The dollar's early bounce fizzled out this morning, as markets saw few concrete measures emerging from the US-North Korea summit and waited for guidance from two of the world's top central banks later this week. 

US President Donald Trump said he had formed a "very special bond" with North Korean leader Kim Jong-un at the meeting.

Against a basket of rivals the dollar turned negative on the day at 93.53 after bouncing 0.3% to 93.89 in early trading in Asia, its highest since June 5. 

Trump said the meeting in Singapore had gone "better than anybody could have expected" and he anticipated that the denuclearisation process would start "very, very quickly". 

Currency markets had a slightly more risk-on mode with perceived safe-haven currencies such as the Japanese yen and the Swiss franc weaker on the day while relatively high yielding currencies such as the Australian dollar posted modest gains. 

Of more importance to global markets will be any clarity on the outlook for US and European monetary policy this week at a time when policymakers have struck to their optimistic stance despite the darkening tensions around global trade prospects. 

The US Federal Reserve holds a two-day meeting starting today, and it is widely expected to raise interest rates for the second time this year. 

The focus is on whether the Fed will hint at raising rates a total of four times in 2018. 

The European Central Bank also meets on June 14, when it could signal intentions to start unwinding its massive bond purchasing programme. 

Against a buoyant dollar the euro was 0.2% lower at $1.1763.

Garret Grogan, Global Head of Trading of Bank of Ireland Global Markets said today's summit had been initially viewed as a potential flashpoint for markets, given the unpredictable nature of both parties, so understandably some relief is being seen now that uncertainty has lessened. 

"However while this is another significant milestone in the march towards denuclearisation of the Korean peninsula, we expect any further reaction in the dollar to be short lived, similar to what markets experienced after the Moon-Kim summit in April," Mr Grogan added.
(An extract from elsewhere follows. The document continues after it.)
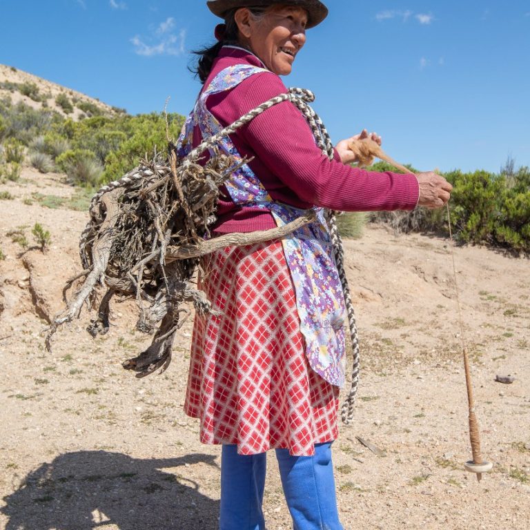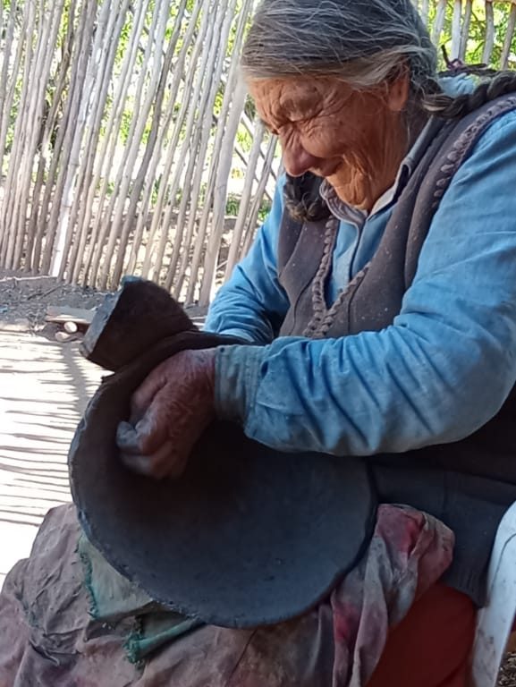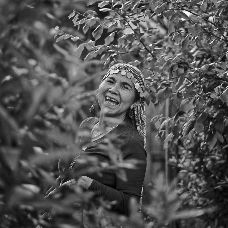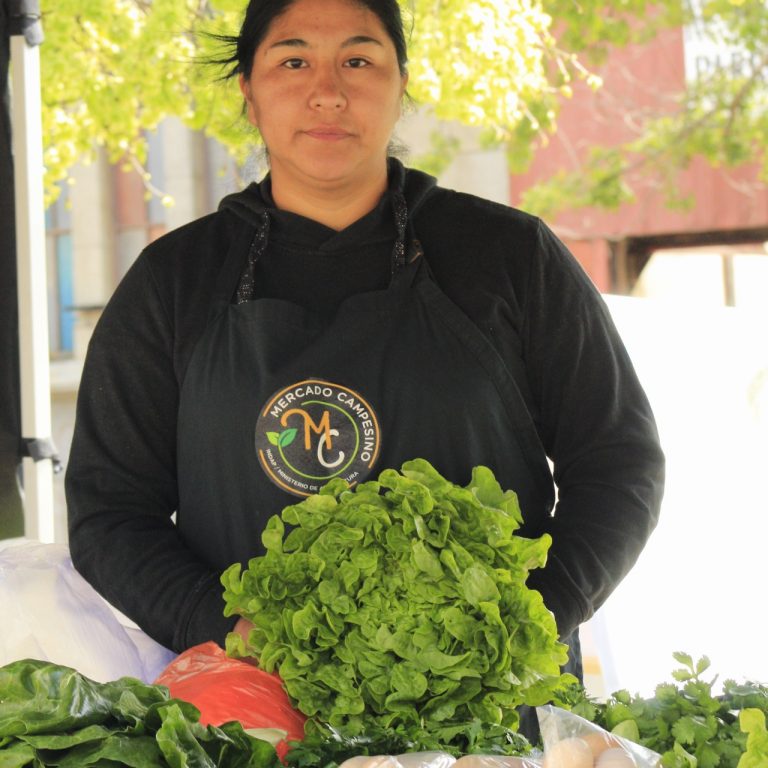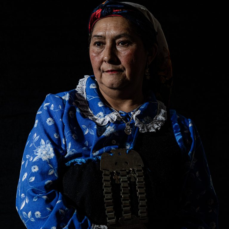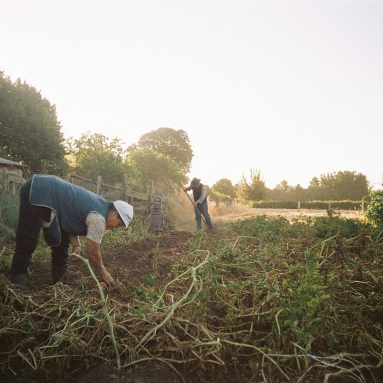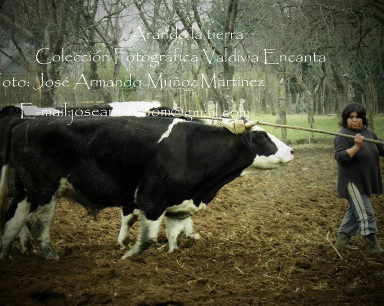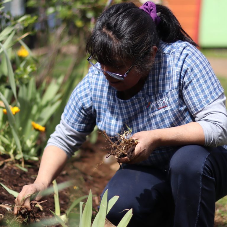 Mujer mapuche en su huerto

He said of greater significance for the dollar in the short term will be the actions of global central banks with both the Federal Reserve and the ECB expected to continue a gradual move away from the policy approach they adopted to contain their respective financial crises.

"The Federal Reserve is all but certain to increase US rates by 0.25% on Wednesday evening so of greater importance will be any guidance on the timing of the next hike and whether board members will perceive three or four hikes as appropriate," he said.

Mr Grogan also said the backdrop for the euro has improved significantly after last month's sharp selling. 

He pointed out that the ECB's chief economist Peter Praet indicated that the time is soon approaching for the governing council to look at exiting their extraordinary policy measures beginning with the ECB’s bond purchasing programme. 

This weekend's comments from new Italian Finance Minister Tria reaffirming commitment to the euro has reassured European markets with Italian bonds and stocks rebounding strongly. This has subsequently boosted the euro in the process, he added.